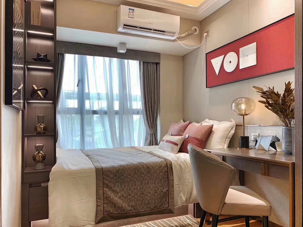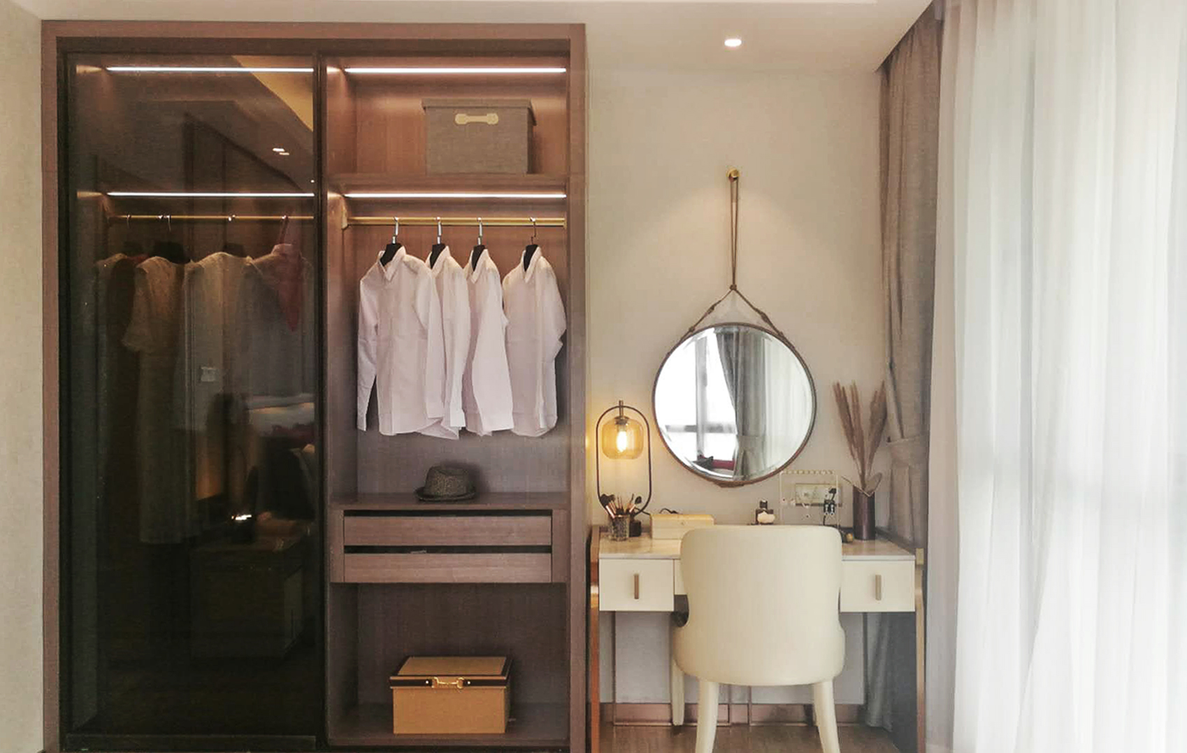 ▲一踏入主卧,便能感受到大面积的窗户带来的良好采光及随之而来的开阔感,走道一侧则布置有衣柜和精致的梳妆台。
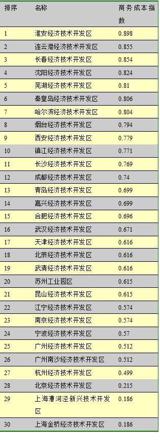从结果看,二三线城市经开区的商务成本比较低,商务成本指数得分最高(商务成本指数是逆指标,成本越高,得分越低)的前10名,分别是淮安、连云港、长春、沈阳、芜湖、秦皇岛、哈尔滨、烟台、西安、镇江的经开区。
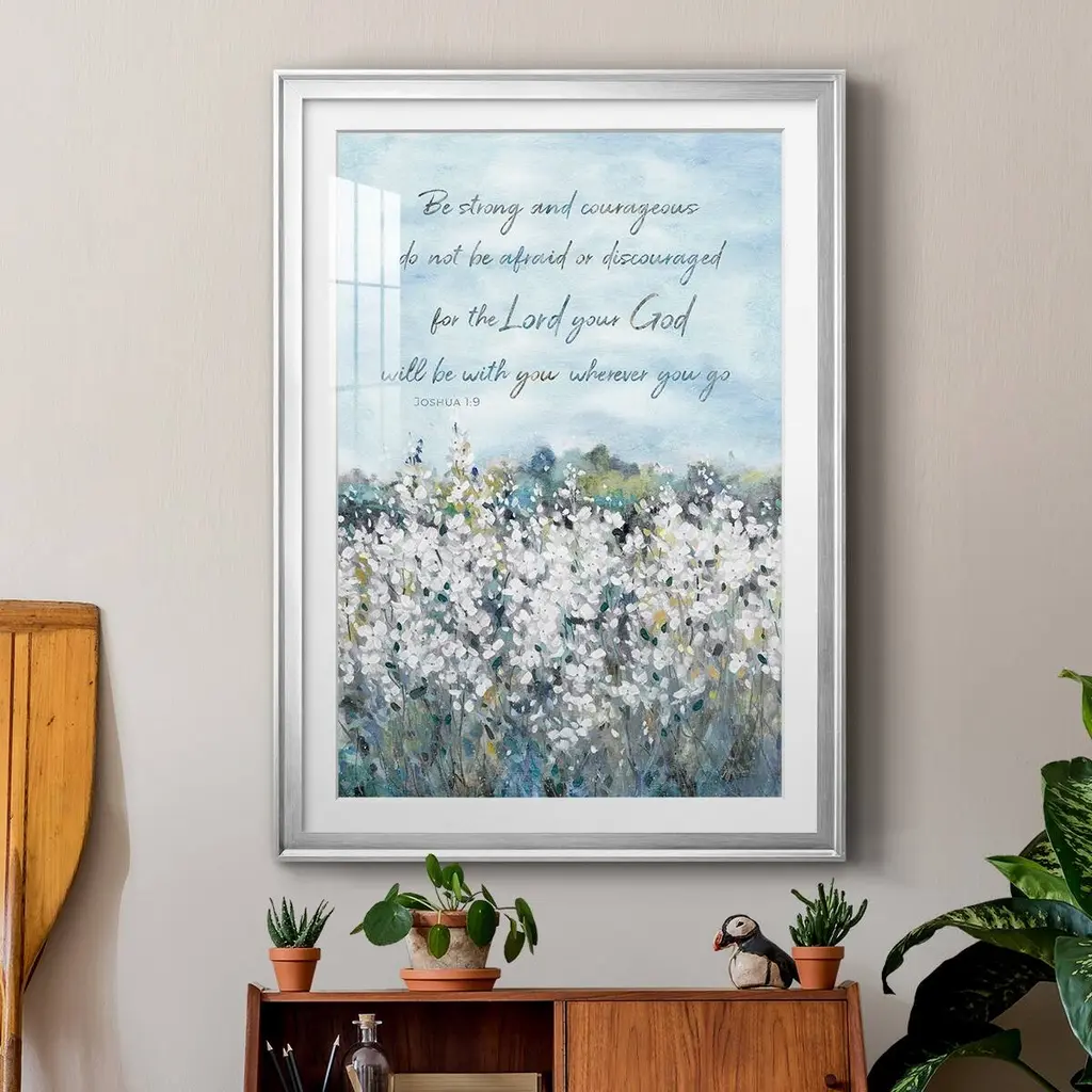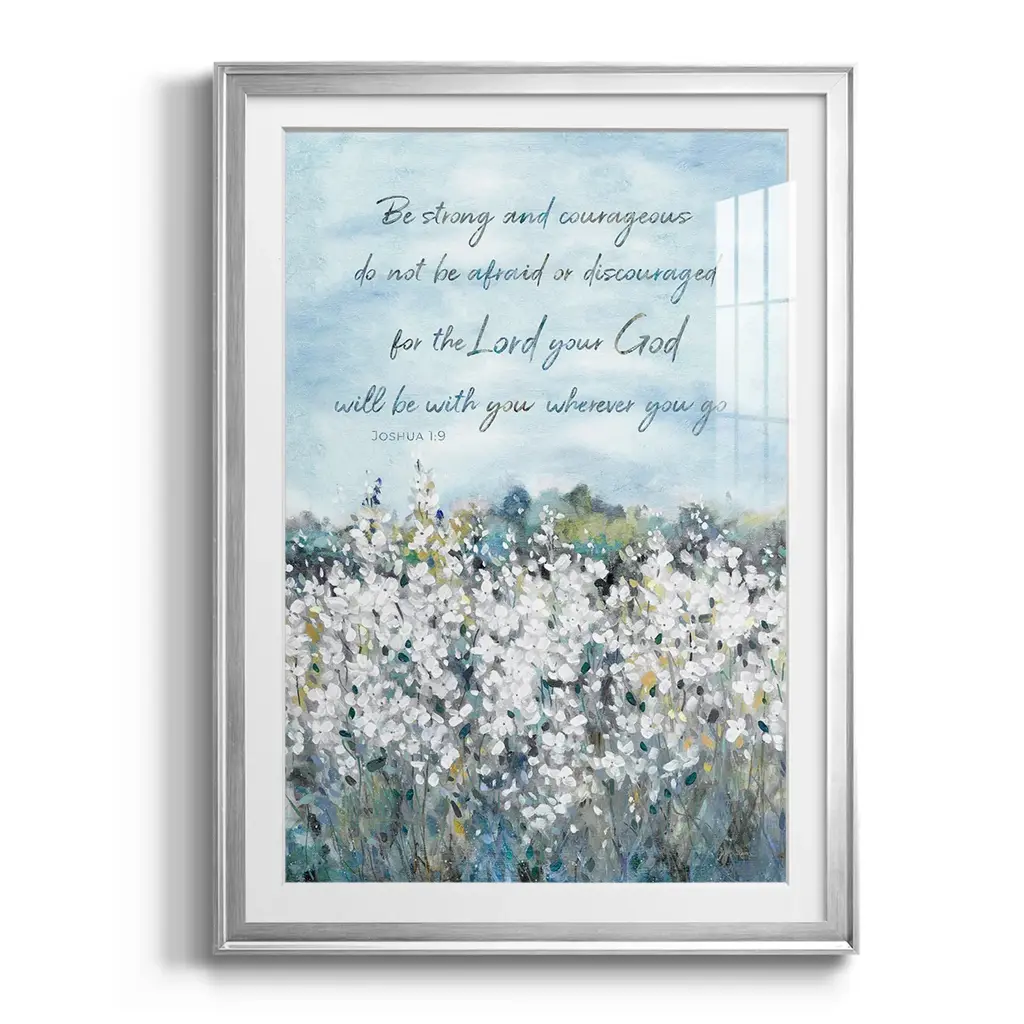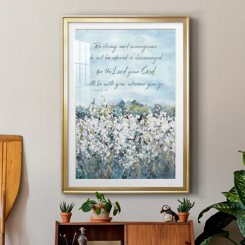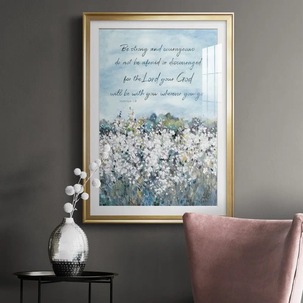 Be Strong Flower Field Premium Framed Print - Ready to Hang A Premium Framed Print created to last. Framed in distressed wood and available in an array of sizes and colors Featuring a beveled a solid wood stretcher bar, each piece comes ready to hand 4 SIZES AVAILABLE 30.5''X42.5'' - Overall Size 26.5'X36.5'' - Overall Size 22.5''x30.5'' - Overall Size 18.5''x24.5'' - Overall Size Each piece is made to order. Each piece comes with hanging hardware. Made in the USA Ready to Hang Giclee Paper Print Acrylic Glass Beveled Matt Board

********************

:: Your assignment ::
Quote the data exactly, leaving every image out of the copy.

:: Solution to this exercise ::
 ▲一踏入主卧,便能感受到大面积的窗户带来的良好采光及随之而来的开阔感,走道一侧则布置有衣柜和精致的梳妆台。
从结果看,二三线城市经开区的商务成本比较低,商务成本指数得分最高(商务成本指数是逆指标,成本越高,得分越低)的前10名,分别是淮安、连云港、长春、沈阳、芜湖、秦皇岛、哈尔滨、烟台、西安、镇江的经开区。
 Be Strong Flower Field Premium Framed Print - Ready to Hang A Premium Framed Print created to last. Framed in distressed wood and available in an array of sizes and colors Featuring a beveled a solid wood stretcher bar, each piece comes ready to hand 4 SIZES AVAILABLE 30.5''X42.5'' - Overall Size 26.5'X36.5'' - Overall Size 22.5''x30.5'' - Overall Size 18.5''x24.5'' - Overall Size Each piece is made to order. Each piece comes with hanging hardware. Made in the USA Ready to Hang Giclee Paper Print Acrylic Glass Beveled Matt Board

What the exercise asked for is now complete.